So, after treatment and stuff, Bobby was out working with The Dead so I had free reign to do whatever I wanted and dive into the record full-time if I chose to. I was really driven to do it, and all the guys weren't necessarily available to do it as a Puddleduck record so I just decided to change it up and pretty much make it Mark Karan-driven and that freed me up to do a whole lot of things just very spontaneously.
The album really seems to hang together well even given how many different kinds of tunes and how many different arrangements you've got on there. How did you pick the cover songs like the Randy Newman and Joe Jackson numbers?
It's a little bit random. The Randy Newman tune got picked because I'm always looking for new material. I'm not a particularly prolific songwriter, probably an average of a song every few years. So I'm always looking for other people's material that I like. With the Randy Newman tune, JT just showed up at rehearsal one time--one of our extremely rare rehearsals--and the night before I guess he had stumbled across this Randy Newman tune and it had this really cool string arrangement and he had transcribed the string arrangement into parts that could be played in a rock combo.
Well how cool is that? I'm not a big Randy Newman fan, but that tune always hits home with me. My eyes opened up wide when I saw what the song was; I couldn't wait to hear it. You really nailed it too.
Thank you. He brought that in, and "Fools In Love" was just an old favorite of mine. I was into the whole New Wave thing when it happened. Joe Jackson and Elvis Costello are what got me into it. I had rejected the punk thing till I heard those guys.
Yeah, I love the first three Joe Jackson albums.

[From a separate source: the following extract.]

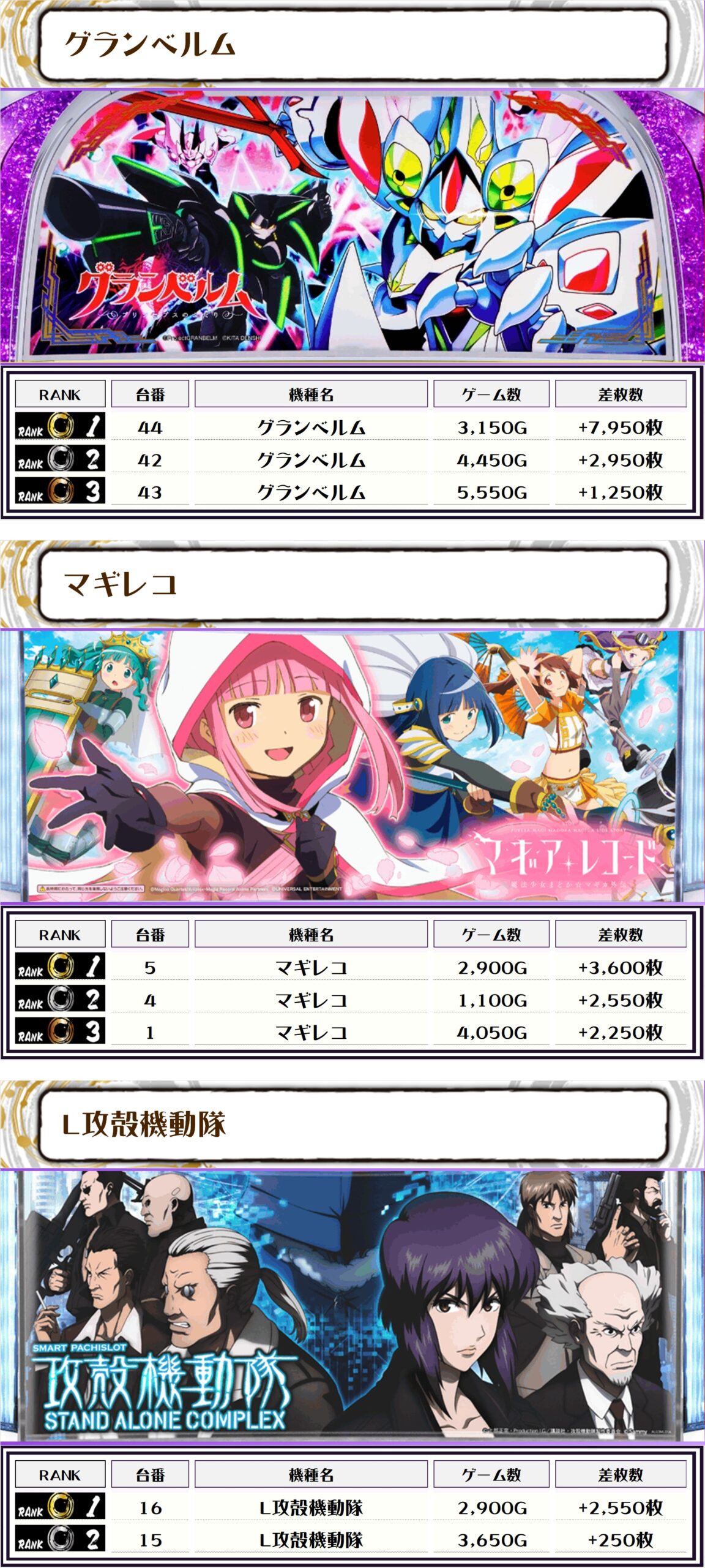 それでは早速【機種別差枚ランキング】をチェックしていきましょう🙆‍♀️
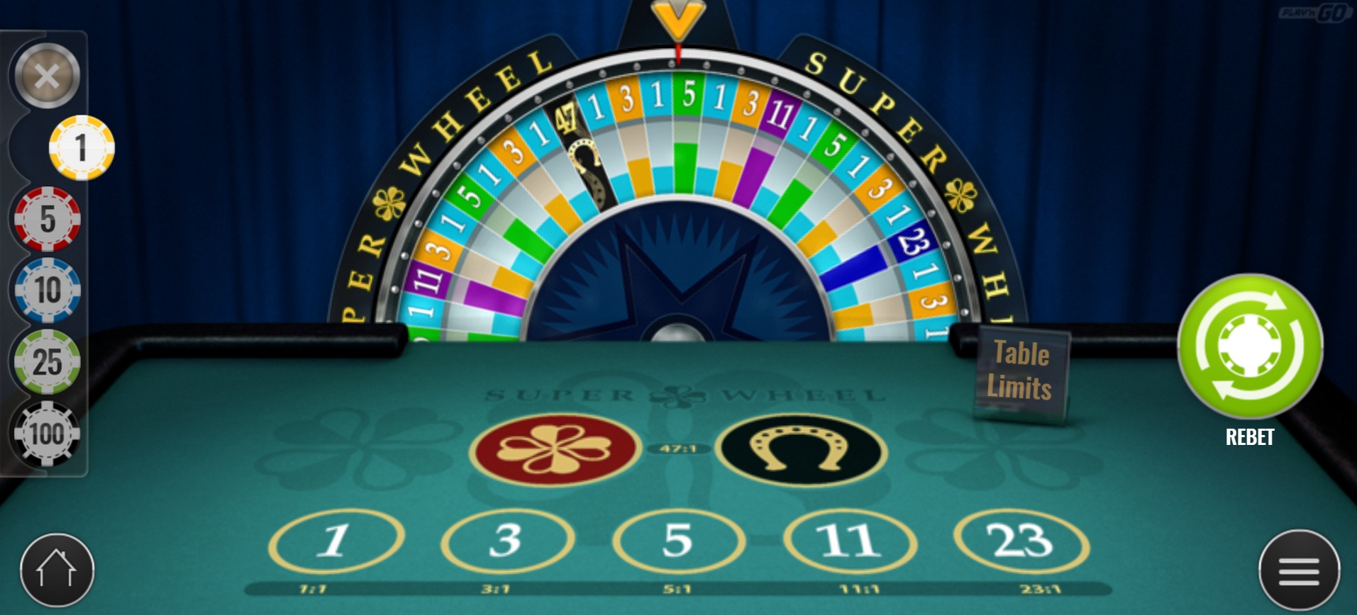 В Play N' Go есть два колеса Big Six . Первое называется Money Wheel и следует строгим правилам Макао, где преимущество казино варьируется от 7,69% на ставки в 1, 3 и 5 долларов до 19,23% на ставку в 20 долларов. Вместо этого, если вы все же хотите сыграть, игра Super Wheel следует либеральным австралийским правилам, где преимущество казино составляет 7,69% на каждую ставку.

Exactly, those are the ones. "Love In Vain" was actually a tune that I did with Delaney [Bramlett] for a film soundtrack that's coming out.
I read about that this morning, it's called Guitar Man, right?
Yeah, it's a movie about a friend of ours. He's a vintage guitar dealer and he's made his bones traveling around the country buying and selling vintage guitars and also brokering them to rock guitarists and stuff; there's a scene in the movie where he's handing a guitar to Paul McCartney. It makes for a pretty interesting story. And through his guitar dealings he's had a lot of connections with other musicians so on this soundtrack he's got me on this one track, he's got Kravitz, he's got Sting, he's got Stevie Wonder, he's got Kenny Wayne Shepherd… it's going to be a pretty interesting record.
Yeah, you wouldn't find all those guys in the same room together just by chance.
Exactly, it's a patchwork quilt. So that's where "Love in Vain" came from. Michael was nice enough to let me use the same track on my own record and with "East Wind," that's a Grateful Dead song, so it's kind of my nod to the community that's supported me for the last eleven years, and my nod to Piggy because Piggy was one of my favorite aspects of the Grateful Dead.
Well I was going to say, when I heard it this morning, I guess I'm a little nostalgic today, but I heard that and I thought "Pigpen's really smiling hearing Mark play this" because you did justice to him and justice to Robert Hunter's song and the way he got that churning at the end of the album.
Well thanks for that.
How lucky do you feel that you were able to work with Delaney Bramlett before he passed on?
Really, really lucky. He was a really, really good friend and I miss him a lot. He and I met around '96 or so, and over the course of the past dozen years or so I've been on most of his demos if not all, and quite a few tracks on his more recently released records. We developed a really close friendship and he was kind of a mentor, because he was one of my heroes growing up as a kid.
I've become convinced over the last few years that Delaney is one of the unsung heroes of contemporary R&B and rock 'n' roll.
Oh, very much so, he has very little rep. Unfortunately, the man struggled a lot in his life. He had a lot of issues with substance abuse and stuff like that and I don't think it did his career any favors in the long run.
No, it probably didn't. I hope there will come a day when he will get some measure of the recognition he deserves, he did work with so many different people and I've never heard anything that he was involved in that didn't have a lot of soul and a lot of feeling to it.
Absolutely. He even took Dave Mason, who I played with years ago, and, you know, I always liked Dave and his contributions to Traffic and all that just fine. But when he did Alone Together, that record to me was sort of like the crux of the biscuit of his whole career, and it's got Delaney and all the guys in his band on the record! [laughs]
So you've made mention of your health back in 2007 and I don't want to dwell on that, but I want to wish you the best and say how great it is that you were able to get yourself healthy again and get back to work. You must feel your time is more valuable than ever before.
Absolutely. That's got a lot to do with how and why the record got finished. It had been sitting around with the "we'll get to it" kind of philosophy for a while. At the back end of coming through cancer, you know, it's no exaggeration what people say. You come out of the back end of it and you've survived and you say "Jeez! I don't have any idea how much time I get." I used to think I had all the time in the world. I might have all the time in the world, but I might not.